|x+(1)/(1*2*3)|+|x+(1)/(2*3*4)|+|x+(1)/(3*4*5)|+....+|x+(1)/(18+19+10)|-19x

To simplify the expression provided, let's first break it down into parts.

1. **Understanding the Series**:
- The expression inside the absolute value signs consists of terms of the form \( |x + \frac{1}{n(n+1)(n+2)}| \) for \( n = 1, 2, \ldots, 18 \).
- Thus, the series can be written as:
\[
S = \sum_{n=1}^{18} |x + \frac{1}{n(n+1)(n+2)}|
\]

2. **The Full Expression**:
- We are asked to evaluate:
\[
S - 19x.
\]
Given:
\[
S = \sum_{n=1}^{18} |x + \frac{1}{n(n+1)(n+2)}|
\]

3. **Structure of the Series**:
Each term \( \frac{1}{n(n+1)(n+2)} \) can be computed separately.

4. **Behavior of \( S \)**:
- The terms \( \frac{1}{n(n+1)(n+2)} \) get smaller as \( n \) increases.
- The first term is \( \frac{1}{1 \cdot 2 \cdot 3} = \frac{1}{6} \) and the last term for \( n=18 \) results in \( \frac{1}{18 \cdot 19 \cdot 20} \).

5. **Assumption**:
- To simplify, let's analyze what happens when \( x \) is sufficiently large or sufficiently small.

6. **Final Formulation**:
- The entire expression simplifies to:
\[
S - 19x = \sum_{n=1}^{18} |x + \frac{1}{n(n+1)(n+2)}| - 19x
\]
- Depending on whether \( x \) is positive or negative, the evaluation for absolute values will vary.

7. **Conclusion**:
The final resolution will depend on the value of \( x \). In a directive context where \( x \) might not have restrictions, the expression represents the absolute differences conditioned upon the nature of \( x \) (whether it exceeds or not the small increments given through those terms).

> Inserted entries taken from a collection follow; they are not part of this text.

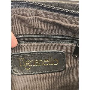 The bag has a soft leather finish, accented with a logo charm and gold hardware. It also has an organizer feature to help keep your belongings in place. The lining is made of black leather and the strap is made of black leather. This Tignanello bag is a great addition to any woman's wardrobe.
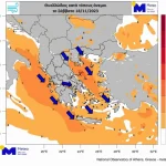 Σημειώνεται ότι η αναφορά γίνεται στις μέσες εντάσεις ανέμου και ότι κατά τόπους αναμένονται ριπές άνω των 80κm/h. Αισθητή θα είναι η πτώση των μεγίστων θερμοκρασιών σε σχέση με την Παρασκευή 17/11.
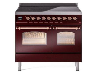 40" ILVE Nostalgie II Electric Freestanding Range in Burgundy with Copper Trim - UPDI406NMP/BUP
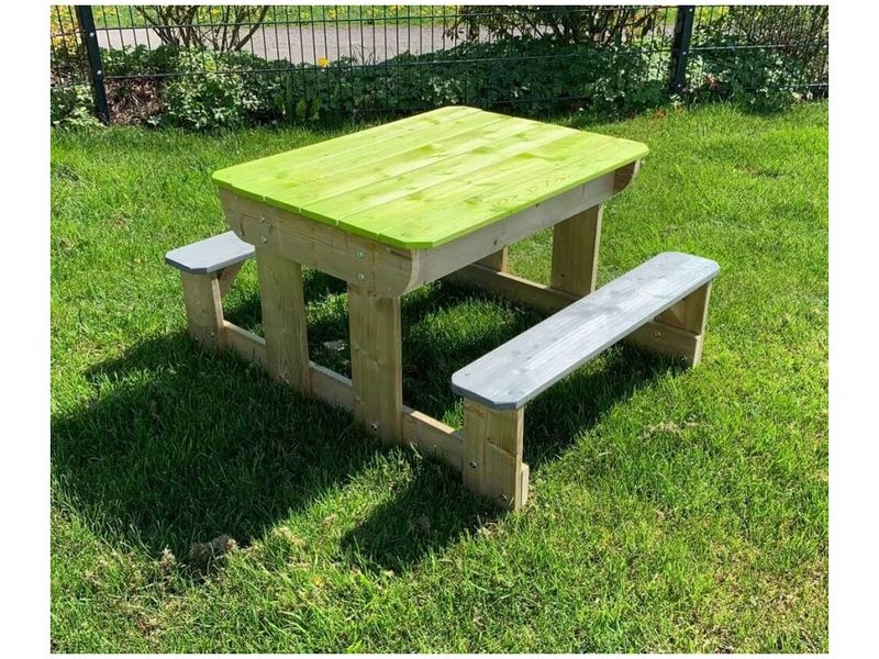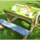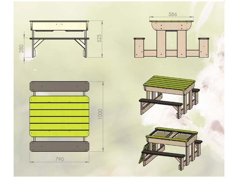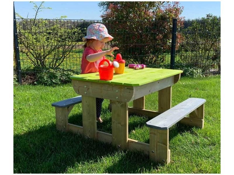 Sedacia súprava s rozmermi 80×100×53 cm je praktickým a zábavným doplnkom do vašej záhrady. Súčasťou sú pod poklopom dve vyberateľné hracie nádoby, čo deťom poskytne skvelé možnosti na hranie. Lavice sú ku stolíku pevne pripevnené. Je ideálnym miestom pre dobrodružstvo a kreatívnu hru, ktorá vaše deti poteší a zabaví.
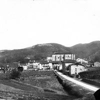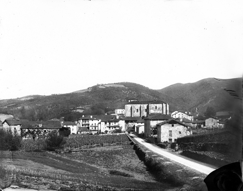 - ES 1860 - 1880 Vista general de San Andrés de Etxebarria tomada desde la carretera procedente de Elgoibar.
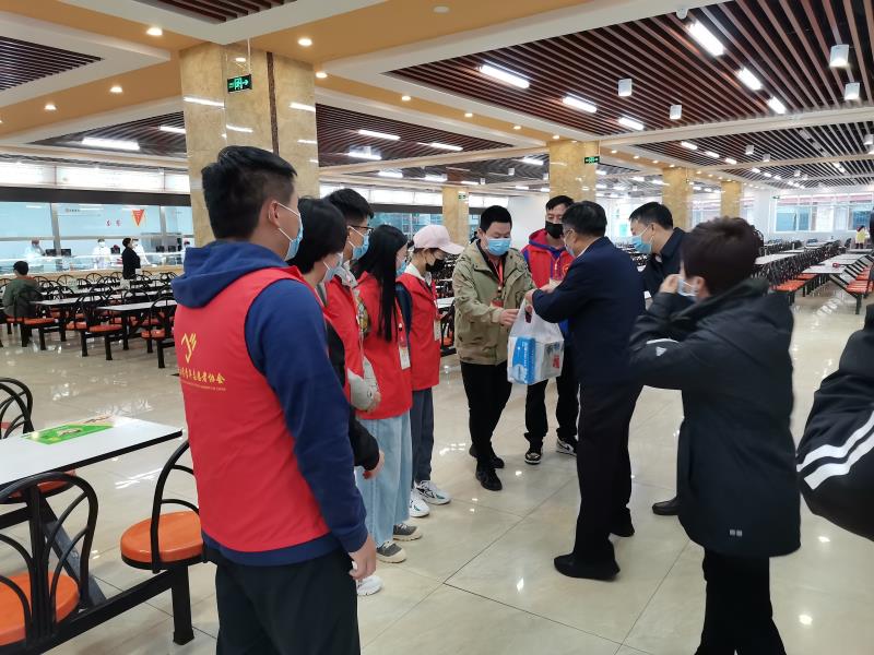 在学生餐厅,薛副书记亲切慰问志愿者,详细地询问了志愿者在返校后的学习与生活、志愿服务工作、具体岗位任务、餐厅人流量变化等情况,向他们为疫情防控工作付出的努力表示感谢。他表示,感谢大家在防疫攻坚战的特殊时刻积极参加学校的疫情防控工作,承担起青年的应有责任,同时也相信这段特殊的志愿服务经历一定会给大家的大学时光留下浓墨重彩的一笔。薛副书记为志愿者送上手套、口罩、消毒液等防护物资并嘱咐大家一定要注意做好自身防护,在保证自己安全的前提下,尽职尽责做好志愿服务,让青春在党和人民最需要的地方绽放绚丽之花。
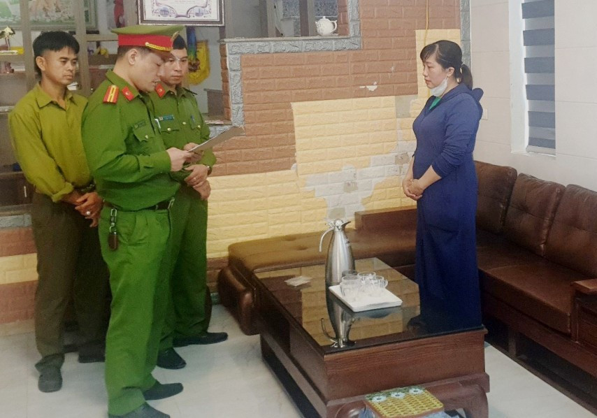 Cơ quan chức năng tống đạt quyết định khởi tố Phùng Hà Trang . (Ảnh: Công an Hà Tĩnh)

Evaluating or simplifying any further requires specific values of \( x \). However, for most analytical purposes, we can denote the expression as:
\[
E(x) = \sum_{n=1}^{18} |x + \frac{1}{n(n+1)(n+2)}| - 19x.
\]

For any specific \( x \), the next step would be to evaluate this expression numerically or symbolically depending on constraints.